- Born: August 18, 1972 (age 53) Kingston, Ontario
- Spouse: Ian Phillips

Academic background
- Education: Queen's University (BA, 1995); Magdalen College, Oxford (BPhil, 1997); All Souls College, Oxford (DPhil, 2001);

Academic work
- Discipline: Philosopher
- Sub-discipline: Philosophy of mind; philosophy of psychiatry; moral psychology; medical ethics;
- Institutions: Johns Hopkins University
- Website: https://www.hannapickard.com/

= Hanna Pickard =

Canadian philosopher (born 1972)

Hanna Pickard (born August 18, 1972) is a Canadian philosopher who specializes in the philosophy of mind, philosophy of psychiatry, moral psychology, and medical ethics. She is a Bloomberg Distinguished Professor of Philosophy and Bioethics at Johns Hopkins University with appointments in the William H. Miller III Department of Philosophy in the Zanvyl Krieger School of Arts and Sciences and the Berman Institute of Bioethics.

== Early life and education ==
Pickard is from Kingston, Ontario. Pickard's parents, Toni and Michael Pickard, were both professors of law at Queen's University.

Pickard completed a B.A. in philosophy at Queen's University in 1995. She then moved to the University of Oxford, where she earned a BPhil in philosophy at Magdalen College, Oxford and a DPhil at All Souls College, Oxford, where she was elected to a Prize Fellowship in 1997.

== Career ==
From 2007 until 2017, Pickard worked part-time as an assistant team therapist at the Oxford Complex Needs Service of the National Health Service, a specialist service for people with personality disorders within the Oxford Health NHS Trust. During this period, she also held a Fifty-Pound Fellowship at All Souls College. In addition, from 2010 until 2015, Pickard was a Wellcome Trust Biomedical Ethics Clinical Research Fellow at the Oxford Centre for Neuroethics, University of Oxford. Pickard was a reader in philosophy at the University of Birmingham from 2015 until 2017, and held a chair in philosophy of psychology there from 2017 until 2019. From 2017 until 2019, Pickard was also a visiting research scholar to the Program in Cognitive Science at Princeton University. In 2019, she joined Johns Hopkins University as the 45th Bloomberg Distinguished Professor, cross-appointed to the William H. Miller III Department of Philosophy in the Zanvyl Krieger School of Arts and Sciences and the Berman Institute of Bioethics with a secondary appointment to the Department of Psychological and Brain Sciences.

== Research ==
Pickard is a philosopher who specializes in the philosophy of mind, philosophy of psychiatry, moral psychology, and medical ethics. Inspired by her clinical experience, Pickard's work explores philosophical questions that arise out of real-world issues, especially clinical practice and related science, and spans a wide range of topics, including the nature of mental disorders, delusions, agency, character, emotions, self-harm, violence, placebos, therapeutic relationships, decision-making capacity, the self and social identity, and attitudes towards mental disorder and crime.

=== Addiction ===
One of Pickard's primary research focuses is addiction. In contrast to two prevailing models of addiction, the moral model of addiction and the disease model of addiction, Pickard has developed a value-based framework for drug choice in substance use disorders that recognizes the many functions drugs serve and integrates a heterogeneous range of factors that influence addicted decision-making in addition to craving, including: psychiatric co-morbidity, limited socio-economic opportunities, decision-making biases, denial and motivated irrationality, and a sense of self and social identity.

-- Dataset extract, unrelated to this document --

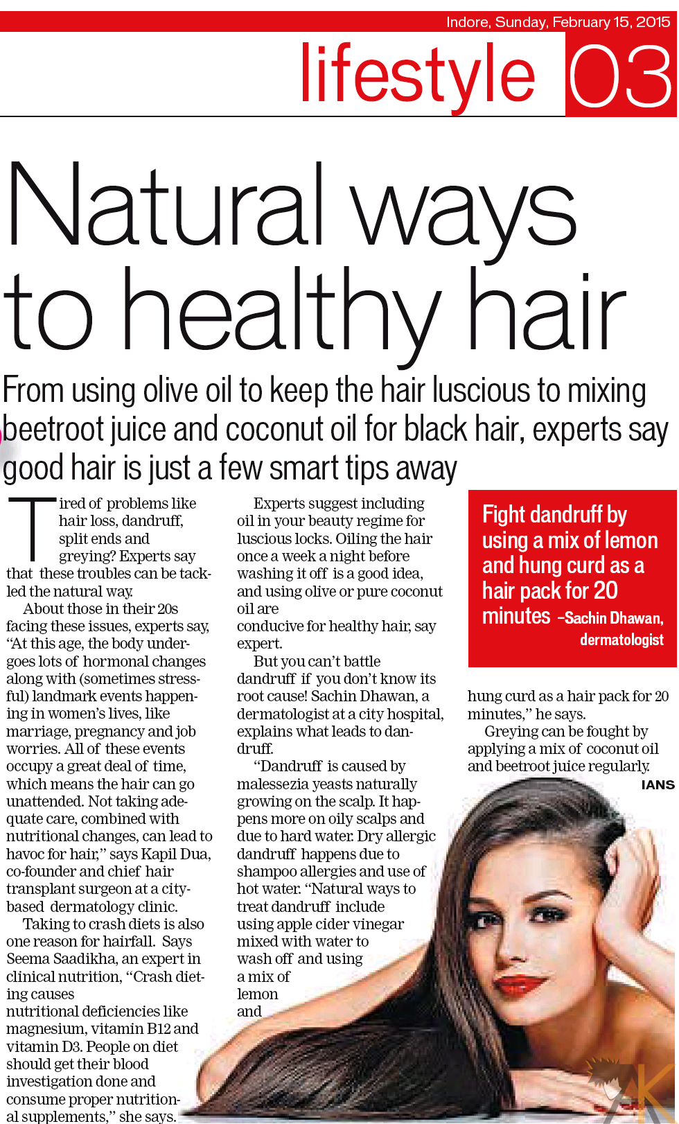 Check the coverage on “Natural Ways to Healthy Hair” by Dr Kapil Dua in Hindustan Times City.

=== Responsibility Without Blame ===
Another, yet strongly related, central research project is the ethical framework Pickard developed out of her experiences with the Oxfordshire Complex Needs Service and her research on addiction, titled “Responsibility without Blame," which focuses on the ways in which society responds to behaviors such as crime and addiction. The framework separates the ideas of agency and responsibility from moral condemnation and blame, and emphasizes holding individuals accountable for harmful behavior without blaming them. Pickard has also developed an open access e-learning toolkit that teaches learners how to use this framework in practice.

Pickard has also written extensively in collaboration with Nicola Lacey on the application of the Responsibility without Blame framework in criminal justice theory and practice.

== Personal life ==
Pickard is married to fellow Bloomberg Distinguished Professor Ian Phillips. The two met when they were both fellows at All Souls College, Oxford.